Thanks @szehon-ho for working on it. Left some comments. The major concern is the perf in case of multiple delete files in a manifest file.

flyrain · 2024-11-28T19:49:42Z

api/src/main/java/org/apache/iceberg/actions/RewriteTablePath.java

-     * Path to a comma-separated list of source and target paths for all files added to the table
-     * between startVersion and endVersion, including original data files and metadata files
-     * rewritten to staging.
+     * Result file list location. This file contains a 'copy plan', a comma-separated list of all


we could give an example of the format to make it clear like this:

sourcepath/datafile1.parquet targetpath/datafile1.parquet, sourcepath/datafile2.parquet targetpath/datafile2.parquet, ...

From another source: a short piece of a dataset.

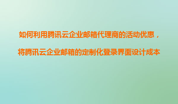 2025-11-09如何利用腾讯云企业邮箱代理商的活动优惠,将定制化登录界面设计成本降到最低? 在数字化转型的浪潮中,企业邮箱不仅是沟通工具,更是企业品牌形象的展示窗口。腾讯云企业邮箱凭借其稳定性和丰富的功能,成为众多企...

core/src/main/java/org/apache/iceberg/TableMetadataUtil.java

flyrain · 2024-11-28T20:08:30Z

core/src/main/java/org/apache/iceberg/TableMetadataUtil.java

+        metadata.statisticsFiles(),
+        metadata.partitionStatisticsFiles(),


We will need to rewrite statistic file path as well, but I'm OK to support it in a follow-up PR.

...k/v3.5/spark/src/main/java/org/apache/iceberg/spark/actions/RewriteTablePathSparkAction.java

core/src/main/java/org/apache/iceberg/RewriteTablePathUtil.java

...k/v3.5/spark/src/main/java/org/apache/iceberg/spark/actions/RewriteTablePathSparkAction.java

core/src/main/java/org/apache/iceberg/RewriteTablePathUtil.java

szehon-ho · 2024-12-07T02:05:43Z

@flyrain thanks for review! I spent some time cleaning it up. The comments should be addressed, let me know if I missed any.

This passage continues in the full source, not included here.